Nevertheless, our society is suffering the consequences and has experienced great difficulty to overcome the damages associated with them. With terror spreading across the world, we have seen fear among the population as well as an increased necessity for disaster recovery and emergency management teams to address these phenomena accordingly. This necessity has served as the fundamental reason for developing various management systems and standards related to this matter. Essential social functions shall be ensured to be delivered in times of catastrophes.
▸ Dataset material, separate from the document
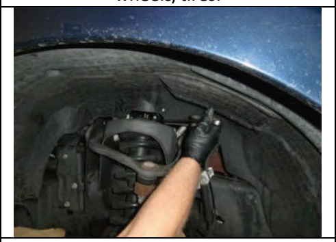
Loosen upper strut mount nuts.

Similar incidents are bound to happen in terms of national, regional, or even within single organizations and definitely threaten such social functions.

As stated by Gabriele Tucciarone from Prometeo Management Consulting, the definition of emergency management and disaster recovery management plans is essential in scenarios when the eruptive activity of Mount Etna volcano is placed. In this context, the definition of a methodology for risk management related to the activity of the volcano appears to be a priority. Moreover, the ability to predict the eruptions is necessary to implement the preventive interventions. In contrary, even an appropriate response plan to an eruption could prove ineffective, if activated when the event has already happened.

As such, the development of International Standards such as ISO 22320 has found application in all types of organizations and agencies in both the public and private sectors. Emergency management and incident response standards are mandatory to obtain, as they ensure accurate specification of processes, systems of work, and fluent cooperation in hard times.


In addition, the United Nations Office for the Coordination of Humanitarian Affairs has in place the Central Emergency Response Fund (CERF) which has been launched on March 2006 and represents an important international multilateral and rapid funding of life-saving assistance. This fund allocates an approximate of $ 500 million US dollars per annum. Further, the Federal Emergency Management Agency of the United States (FEMA) issues numerous non-disaster grants to increase the capacity of emergency responders on both natural and man-made disasters and catastrophes.